Au moment de la première émission des DTS, le total des engagements extérieurs des États-Unis représentait quatre fois le montant des réserves d'or monétaire des États-Unis et, malgré un bref excédent de la balance commerciale des marchandises en 1968-1969, le retour au déficit par la suite a été une pression suffisante pour lancer une course sur les réserves d'or américaines. Alors que la France perdait ses intentions d'encaisser ses actifs en dollars contre de l'or et que la Grande-Bretagne demandait d'échanger 750 millions de dollars contre de l'or à l'été 1971, le président Richard Nixon a fermé la fenêtre de l'or.

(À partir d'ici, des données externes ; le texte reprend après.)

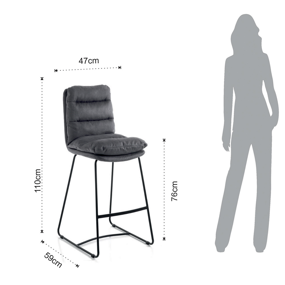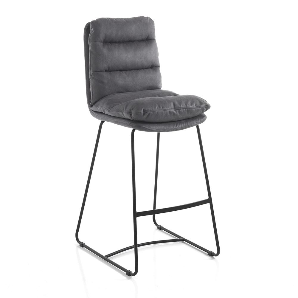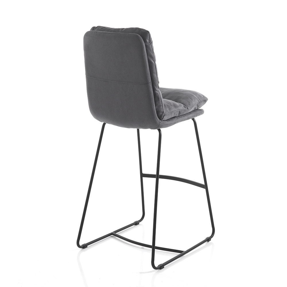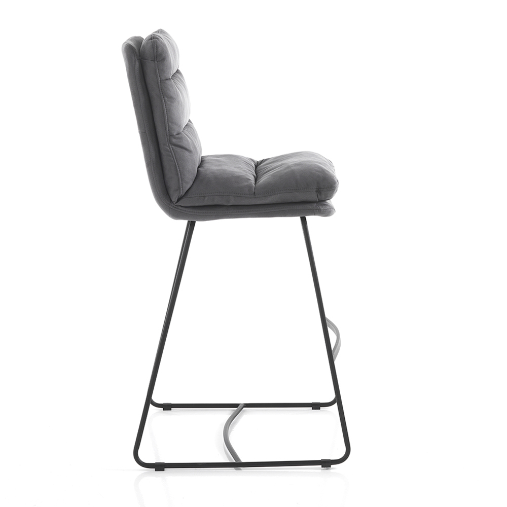 High kitchen stool with sled structure made of matt black painted steel complete with practical footrest and padded seat covered in soft microfiber gray velvet effect . A product whose aesthetics are marked by simple lines and shapes enriched by the elegant quilting that covers the entire seat, giving even more a wonderful feeling of comfort. Ideal to be placed in the dining room and kitchen but also in contract spaces such as bars and restaurants thanks to the elegant and refined design and its versatility of use.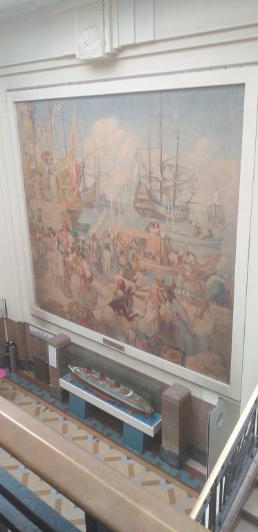 A l’intérieur du bâtiment, l’architecture Art déco est très graphique et soulignée par un escalier monumental en ferronnerie. La verrière zénithale couronne un vaste hall aux accents palladiens. Les œuvres des peintres Pierre Cadre, Arthur Midy et Henri Barnoin illustrent sur ses murs quelques singularités historiques et économiques du territoire dans lequel s’inscrit et agit la Chambre. La plus emblématique est la fresque que Pierre Cadre réalise en 1931 et qui illustre la venue de Madame de Sévigné au port de la Compagnie des Indes en 1689.

Dans une dernière tentative pour maintenir le système en vie, des négociations ont eu lieu dans la seconde moitié de 1971 qui ont conduit à l'accord Smithsonian, par lequel le Groupe des Dix nations a accepté de réévaluer leurs monnaies afin d'obtenir une dévaluation de 7, 9% du dollar. Mais malgré ces réévaluations, une nouvelle course au dollar s'est produite en 1973, créant des flux inflationnistes de capitaux des États-Unis vers le Groupe des Dix. Les chevilles ont été suspendues, permettant aux devises de flotter et mettant définitivement fin au système de taux fixes mais ajustables de Bretton Woods.
The Bottom Line
Loin d'être une période de coopération internationale et d'ordre mondial, les années de l'accord de Bretton Woods ont révélé les difficultés inhérentes à essayer de créer et de maintenir un ordre international qui visait à la fois un commerce libre et sans entraves tout en permettant aux nations de poursuivre des objectifs politiques autonomes. La discipline de l'étalon-or et des taux de change fixes s'est avérée trop lourde pour les économies à croissance rapide à différents niveaux de compétitivité. Avec la démonétisation de l'or et le passage aux monnaies flottantes, l'ère Bretton Woods devrait être considérée comme une étape de transition d'un ordre monétaire international plus disciplinaire vers un ordre beaucoup plus flexible.